BP (NYSE: BP) announced a further $2.5 billion share buyback after more than doubling its Q3 profit from a year earlier, thanks to what it described as an “exceptional” gas marketing and trading result and higher gas realizations.
BP joined other international oil and gas majors in reporting very strong earnings after it reported on Tuesday an underlying replacement cost profit – its metric for net profit – of $8.2 billion for the third quarter. This was slightly lower than the $8.5 billion for the previous quarter, which saw the highest quarterly profit for BP in over a decade, but more than double the $3.3 billion in earnings for the third quarter of 2021.
“Compared to the second quarter, the result was impacted by weaker refining margins, an average oil trading result and lower liquids realizations, partly offset by an exceptional gas marketing and trading result and higher gas realizations,” the UK supermajor said in a statement. BP said its oil trading performance in Q3 was “average” after an “exceptional” result in Q2.
“Net debt fell for the tenth successive quarter; we are investing with discipline; and we are delivering on our commitment to shareholder distributions – announcing a further $2.5 billion share buyback,” chief financial officer Murray Auchincloss said.

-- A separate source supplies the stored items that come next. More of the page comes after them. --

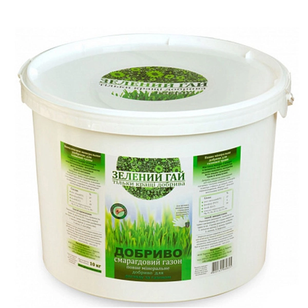 Зелений Гай Смарагдовий газон - комплексне мінеральне добриво для всіх видів газонної трави. Посилює яскравість забарвлення трави, підвищує стійкість до захворювань, гнилі, переохолодження, а також сприяє збільшенню вегетативної маси.
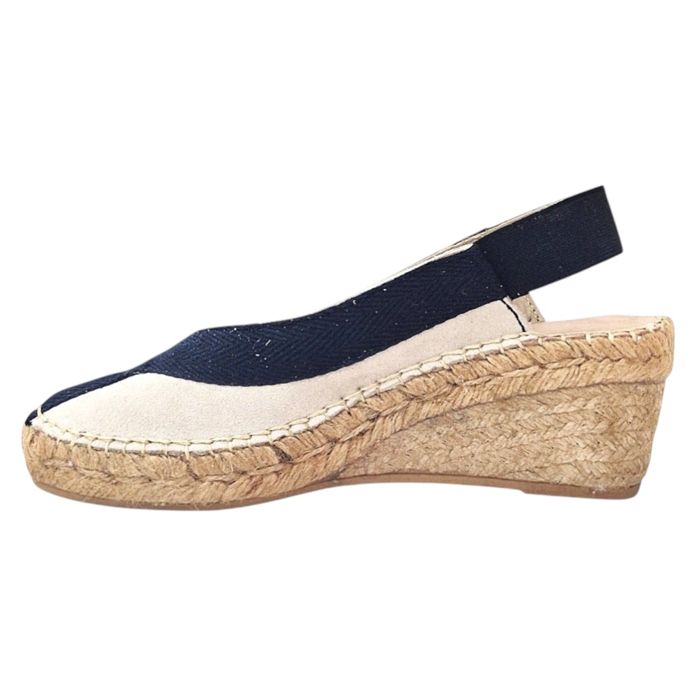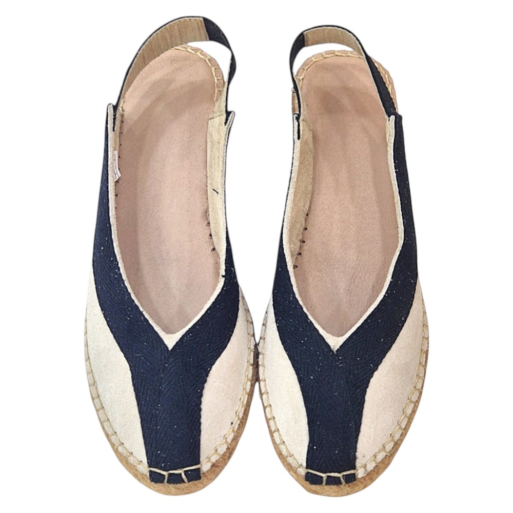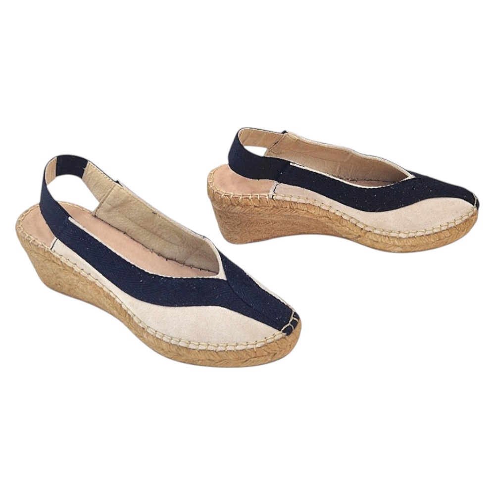 Descubre el encanto atemporal de nuestras alpargatas La Mallorquina, modelo M.259-MERCHE, en un sofisticado color crudo. Confeccionadas con una cuña de esparto tradicional y un diseño moderno que combina tiras anchas en contraste de azul marino y crudo, estas alpargatas son la elección perfecta para la mujer que busca estilo y confort. La tira elástica trasera asegura un ajuste cómodo y seguro, ideal para los días cálidos de verano. Perfectas para un look casual chic o para complementar tu atuendo de vacaciones.
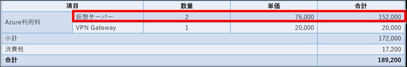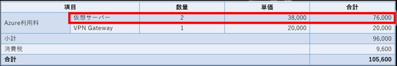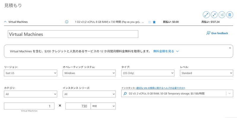 今回は、最も使用されるサービス仮想マシンを例に見積もりしてみます。
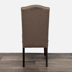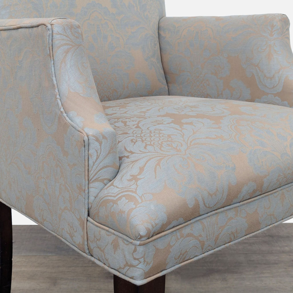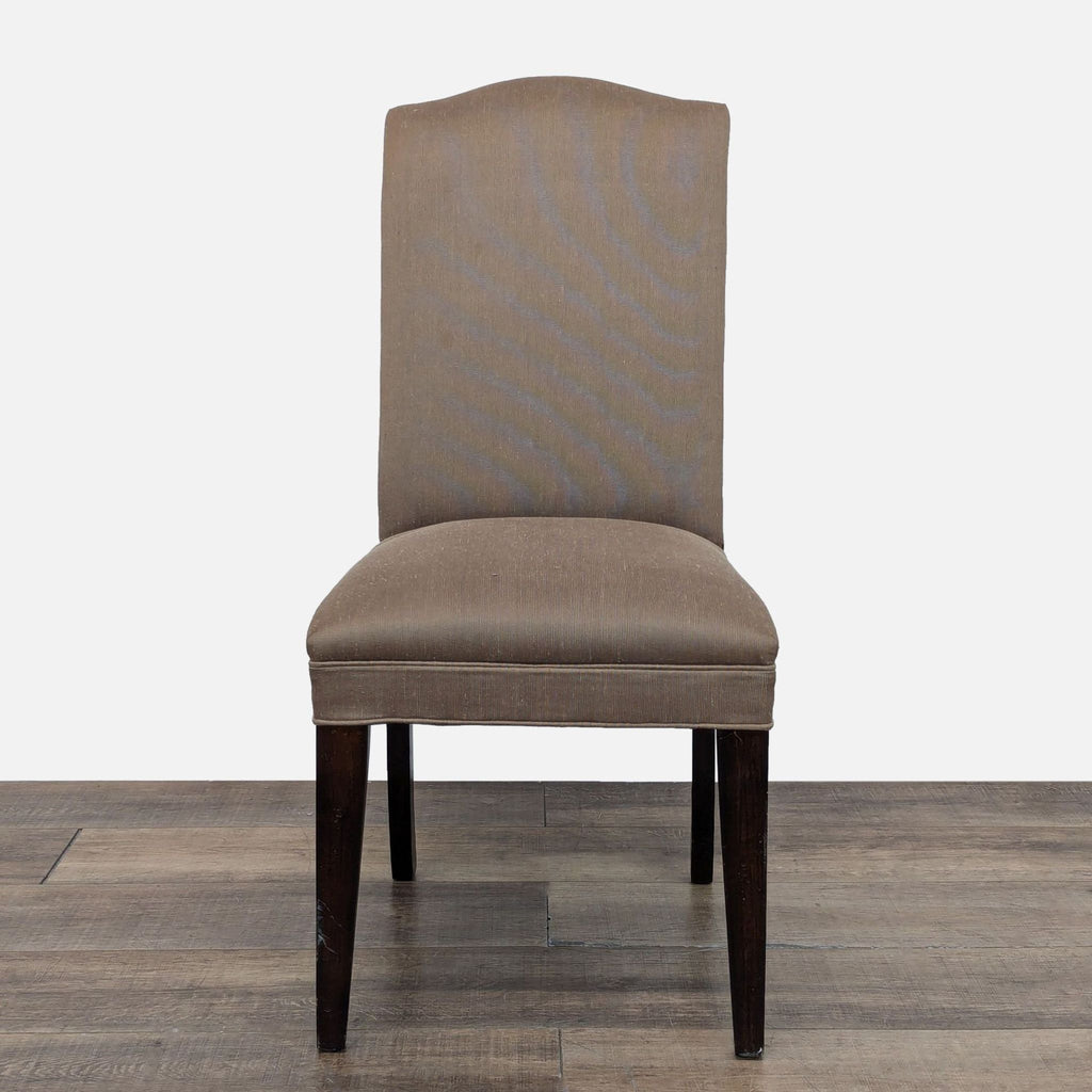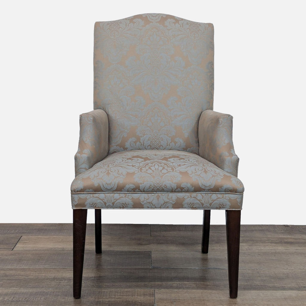 This Mitchell Gold + Bob Williams dining set features an extendable round dining table with four upholstered side chairs and one upholstered armchair.

Chief executive officer Bernard Looney said, “This quarter’s results reflect us continuing to perform while transforming. We remain focused on helping to solve the energy trilemma – secure, affordable and lower carbon energy. We are providing the oil and gas the world needs today – while at the same time – investing to accelerate the energy transition.”
Based on BP’s current forecasts, at around $60 per barrel Brent and subject to the board’s discretion each quarter, BP continues to expect to be able to deliver share buybacks of around $4.0 billion annually and have the capacity for an annual increase in the dividend of around 4% through 2025.

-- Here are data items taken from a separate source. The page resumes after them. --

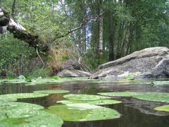 Постепенно приближаемся к Кузнечному, до него оказывается довольно далеко дальше, чем казалось при взгляде на карту. В полукилометре от платформы на берегу возвышаются какие-то песочные отвалы метров тридцать высотой, берег по большей части заросший, негостеприимный, какие-то строения догнивают в воде. Мы плывем до самого конца пролива, в кувшинки и болотные запахи всё потому, что я где-то прочитал, что прямо напротив станции должно быть удобное место, куда можно пристать (похоже, что у меня в голове каким-то хитрым образом перепутались описания подходов к Кузнечному и Приозерску). Как ни странно, но в самом гнилом углу того болота, в которое превратился пролив, действительно находится место, где можно пристать [KUZNECHNO1, 61°06,7277 N; 29°52,3485 E] и тропинка через лес к станции. Берега топкие, жестоко воняет в общем, не надо там приставать, есть куда как более удобное место, пусть от него и не так близко идти. Лучшее место мы нашли на обратном пути, на шестой день, а пока удовольствовались этим.
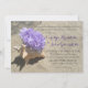 Pretty purple hydrangea fills a tropical beach conch shell in the sand, photograph style beach wedding invitation with custom text, accented in purple.
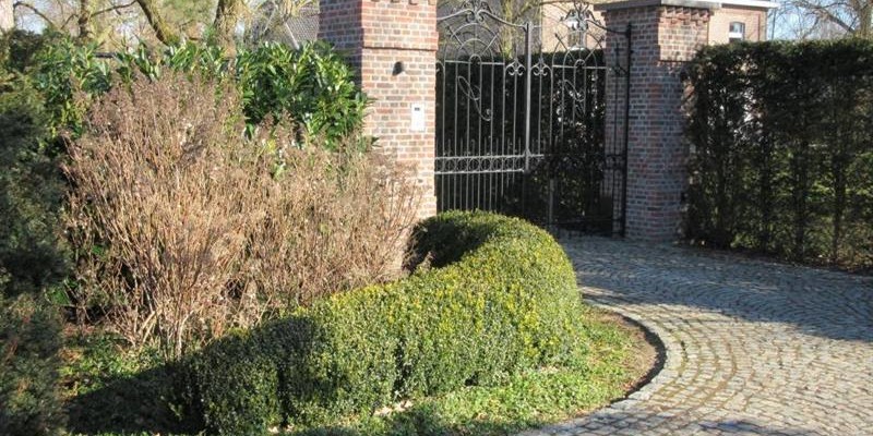 Het uitgangspunt was de tuin in zijn totaal te bekijken. Maar de grootste verwachting hadden de opdrachtgevers bij de oprit. “Die moest een dreefgevoel oproepen, deels onttrokken worden aan het zicht en leiden naar de voordeur, naar een grote nieuwe parking en naar de garages achteraan in de tuin. De oude inkom mocht herwerkt tot een voetgangerspad. En achter in de tuin was ook een aparte doorgang vanaf de straat naar de garages gewenst. Deze ingang zou ook dienen voor werkverkeer en moest voldoende stevig uitgevoerd zodat er ook vrachtwagens op konden rijden. Een andere wens lag Paula na aan het hart. Ze had nog een oud ijzeren hek dat vroeger de eigendom van haar grootouders afbakende. Dat had ze heel graag in de nieuwe tuin geïntegreerd gezien.”

BP, the last of Big Oil to report earnings for Q3, joined the other majors in posting strong earnings amid growing calls for windfall taxes on the industry’s profits. U.S. President Joe Biden said on Monday that the record profits of the likes of Exxon and Shell were “a windfall of war” and if oil companies don’t increase output, “they’re going to pay a higher tax on their excess profits and face other restrictions.”